Secure Boot is one of Windows’ most important boot-time protections, ensuring only trusted, digitally signed components run before the OS loads. That trust is anchored in certificates stored in UEFI firmware—and Microsoft has confirmed the original Secure Boot certificates introduced in 2011 are reaching end of lifecycle and begin expiring in late June 2026. For IT teams, this is a time-bound, ecosystem-wide security maintenance event: if devices miss the certificate refresh, they may continue to boot, but they’ll lose the ability to take future boot-level protections.

What’s new

Secure Boot “root of trust” is being refreshed

  • The long-lived Secure Boot certificates are expiring starting late June 2026.
  • New certificates are being deployed to in-support Windows devices through the normal monthly Windows update cadence.
  • This is a coordinated effort across Windows servicing, OEM firmware, and UEFI providers to minimize risk and disruption.

Broad OEM readiness (especially newer devices)

  • Many PCs built since 2024—and nearly all devices shipped in 2025—already include the updated certificates.
  • For a smaller subset of in-market devices, applying the new certificates may require an OEM firmware update first.

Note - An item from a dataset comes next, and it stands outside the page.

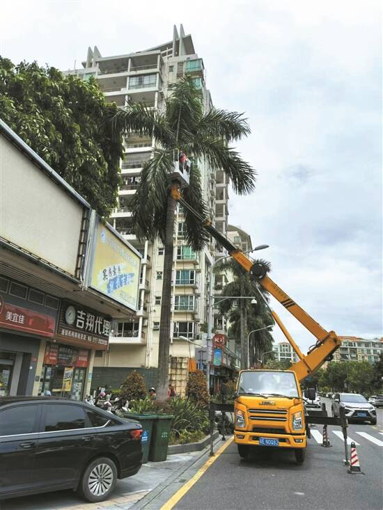 抢在台风前,修剪加固城市行道树

Improved visibility and phased rollout

  • Microsoft is rolling out the change in a careful, staged approach informed by testing and telemetry-based readiness.
  • Status messaging about certificate updates is expected in the Windows Security app in the coming months to help users track progress.

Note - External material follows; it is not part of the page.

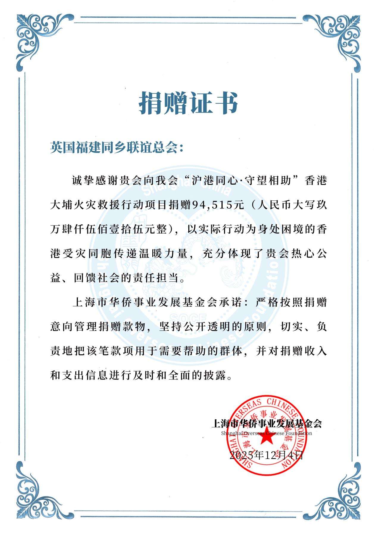 香港大埔火灾救援捐赠证书。(图片来源:主办方供图)

Impact to IT administrators and end users

If devices don’t get the new certificates in time

  • Devices will likely continue to function and existing software will still run.
  • However, they enter a degraded security state and may be unable to receive future boot-level mitigations (e.g., when new boot vulnerabilities are discovered).
  • Over time, compatibility risks increase: newer OS/firmware/hardware or Secure Boot–dependent software may fail to load.

Unsupported Windows versions are a key risk

  • Devices on unsupported versions (notably Windows 10 after support ended on Oct 14, 2025, unless enrolled in ESU) will not receive the updates through Windows Update.
  • Those endpoints should be treated as priority remediation items (upgrade/replace or ensure ESU eligibility and update strategy).
  1. Inventory and scope
    • Identify all Windows and Windows Server endpoints in scope, including kiosks, specialized servers, and IoT/edge devices that may have atypical servicing.
  2. Validate servicing path
    • Confirm devices are receiving the latest monthly cumulative updates (Microsoft-managed where applicable).
    • Ensure diagnostic/telemetry requirements used for readiness validation align with your organization’s policies.
  3. Firmware readiness check
    • Proactively review OEM advisories and support pages (Dell/HP/Lenovo and others) and schedule required UEFI/firmware updates.
    • Pilot firmware updates on representative hardware models before broad deployment.
  4. Plan for exceptions
    • For devices not confidently validated via Microsoft’s staged approach, use the Microsoft IT administrator playbook guidance and your existing tools (Intune, Configuration Manager, or third-party) to deploy and monitor.
  5. Prepare support runbooks
    • First-line steps: apply latest Windows updates, verify latest OEM firmware, then escalate via Microsoft/OEM support channels if issues persist.